I came home early from work, although Raph didn’t seem to notice. As usual, he was inebriated. Calmly and quietly, I took his drink and his bottle and poured them down the drain. Then I whipped up a half-assed dinner and turned on Channel Four, WBNX, the only station allowed to air.
“Raph, you need to sober up. Tonight’s the night. Steele himself told all of us to go home for this broadcast. Maybe a world truce?”
“Wish I had a drink to hear all of this bullshit. Wonder which heads of state are even alive,” he said. “Notice how the vice president is speaking and not the president? He must be dead as well.”
“Stay tuned, right? Hey, next time you go stealing booze, can you get us some steak and potatoes, maybe some shrimp and lobster? Hell, any kind of food would be good. Aren’t you getting hungry for real food? Man shall not live by booze alone.”
“Ah, the Bible, right? Funny. Speaking of miracles, you haven’t thrown me out on my ass yet.” Raphael wore a guilty look on his face as he sipped the last Diet Coke. He looked me in the eyes and said, “Oh Jax, I’ve been the guest from hell.”
“I guess the end of the world has that effect on some people. Last week you scared the shit out of me. You could have died. Just stop drinking so much. We’ve got to pull ourselves together in case.”
“In case what?”
“In case this is not the end.
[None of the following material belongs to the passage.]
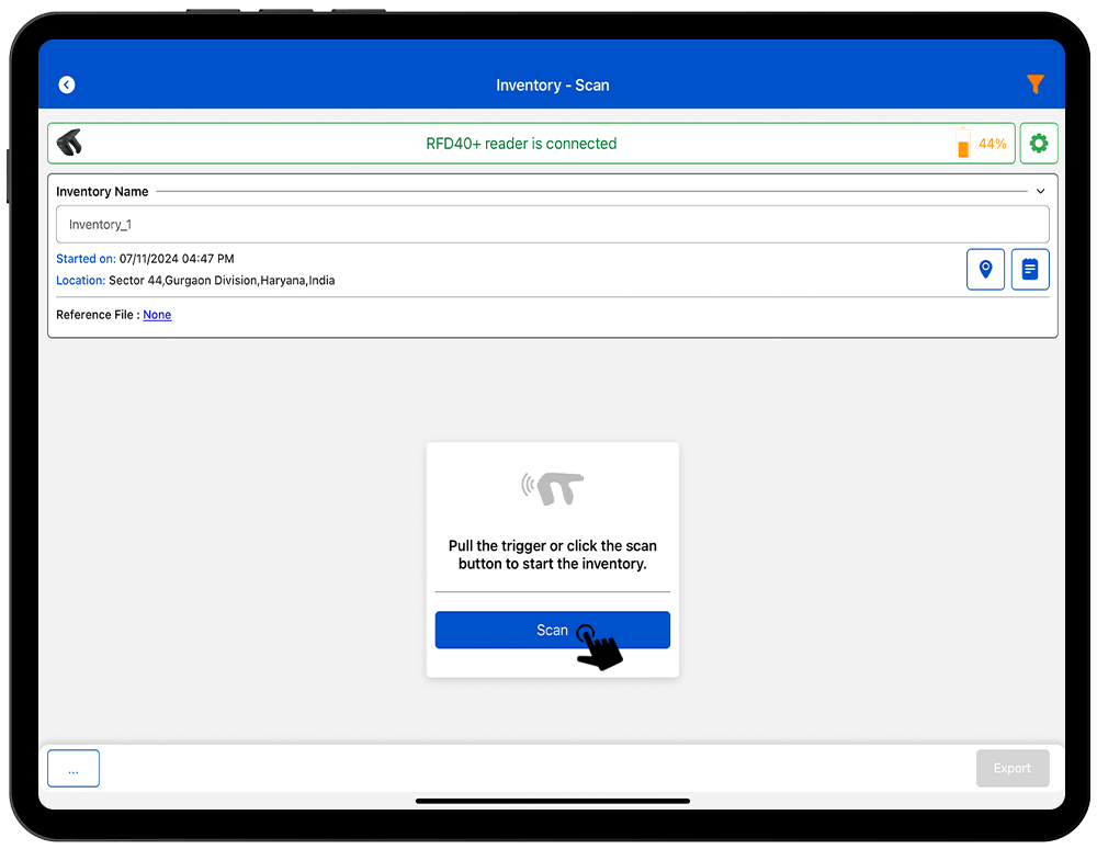 1. To read the RFID tags from Zebra RFD 40 reader; Click on the inventory button option from the home page of Application.

In case this is just the beginning.”
Raphael sighed and rolled his eyes. “My grandfather, George, you would have loved him, anyway, he warned me about this. We should just kill ourselves now. Get it over with before…”
“Before what?” I asked. He was still very drunk.
“It doesn’t matter. You hear from your folks?” I shook my head. Raphael’s brown eyes teared up. I knew he loved them like his own family. “Okay then. I will steal some good food for you. Booze for me and food for you. And it will be something gourmet and expensive, since you’re such a nice host.”
I just shook my head in disgust. Maybe he would snap out of this road to self-destruction. The colored bars on Channel Four finally went away. A stage with a podium and a United Nations flag hung behind it filled the television screen. A few seconds later, Vice President Al-Basaam walked onto the stage. He looked a decade older than his forty-nine years. His salt and pepper black hair was now full-blown gray. The bags underneath his eyes were a deep purplish-brown. A woman stood on the main floor. As soon as the vice president spoke, her hands signed his words. I turned up the volume.